Por primera vez en 45 años de democracia, el Senado va a plantear un conflicto entre órganos constitucionales contra el Congreso de los Diputados.
Según adelantaron fuentes de la institución a EL ESPAÑOL y confirmó en la tarde del martes la portavoz del PP en el Senado, la Mesa de la Cámara Alta, a instancias de los populares, requerirá a la Cámara Baja que retire la Proposición de Ley de Amnistía.
En una segunda fase, solicitará la suspensión cautelar de su tramitación ante el Tribunal Constitucional.
Es cierto que el PP se ha apoyado para ello en la recomendación del informe de los letrados del Senado del lunes, que alertaba de la "clara inconstitucionalidad" de la norma y abría la puerta a plantear un conflicto entre órganos constitucionales.
Pero la naturaleza excepcional de este mecanismo obliga a evitar servirse de él a la ligera, como está haciendo el PP. El conflicto institucional es un instrumento de defensa completamente inusual al que un órgano como el Senado sólo debe acudir como último recurso si puede demostrar que la otra Cámara legislativa ha vulnerado sus atribuciones constitucionales.
La Ley de Amnistía, es cierto, plantea dudas políticas y jurídicas de la suficiente gravedad como para que sus opositores utilicen todos los recursos legales a su alcance para dilucidar si la norma tiene encaje en la Constitución y en la normativa europea.
Pero el empleo de instrumentos que van más allá del mero filibusterismo parlamentario, y que tienen unas implicaciones políticas altamente perturbadoras, sólo puede invocarse con argumentos jurídicos fundamentados y razonables, y no puede responder a una reacción de última hora.
La única justificación que podría encontrar este choque es que el Senado lograse probar que el Congreso invadió sus competencias al votar la Ley de Amnistía.
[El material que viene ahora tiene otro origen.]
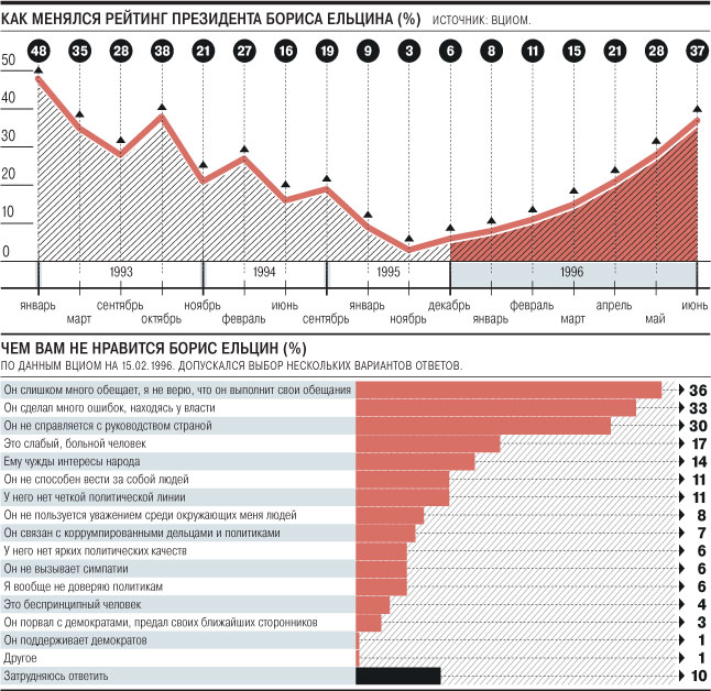 Итак, согласно свидетельству помощников, летом 1995 г. Б.Н. Ельцин начал подготовку к перевыборам, но никаких публичных заявлений на этот счет не делал. Прежде чем объявить о своих намерениях, он должен был убедить новую элиту России в том, что является лучшей кандидатурой на пост президента от «партии власти». А это было сделать непросто, поскольку общественный рейтинг Б.Н. Ельцина на протяжении всего 1995 г. Был очень низким. Согласно опросам, проведенным ВЦИОМ, уровень доверия к Б.Н. Ельцину упал с 6% (январь-февраль) до 4% (ноябрь-декабрь).

Pero se antoja inverosímil que la Cámara Baja se corrija a sí misma y decida acometer una reforma constitucional que la incluya en su articulado, como plantea el PP.
Además, desde el punto de vista estratégico, el movimiento del PP carece de lógica. Porque, tal y como reconoce el informe de los letrados de la Cámara Alta, en ningún caso esta acción suspenderá la tramitación de la proposición de ley de forma automática, por lo que no servirá para impedir la continuación del procedimiento legislativo en el Senado.
La acción es doblemente absurda por su incoherencia con el propio planteamiento político del PP. Porque los populares también se arriesgan (con una alta probabilidad de que así acabe siendo) a que el TC desestime su requerimiento, recibiendo así un importante varapalo a sus tesis contrarias a la amnistía.
¿Qué sentido tiene entonces para los populares, que reiteradamente han cargado contra el tribunal de garantías por su sesgo mayoritario a favor del Gobierno, recurrir ante él para un asunto que probablemente será resuelto en su contra?
La única explicación que cabe encontrar al empleo de este mecanismo es que el PP haya querido mimetizarse con la política de oposición maximalista y sin cuartel de Vox, temiendo recibir acusaciones de pusilanimidad si no opta por esa vía de confrontación.
Pero el principal partido del país no puede, en una cuestión de tanta envergadura como un choque entre órganos constitucionales, actuar mediante ocurrencias y al dictado de la necesidad de contrarrestar a Vox. No podrá haber una oposición efectiva y fecunda a la Ley de Amnistía sin una estrategia sólida y realmente funcional.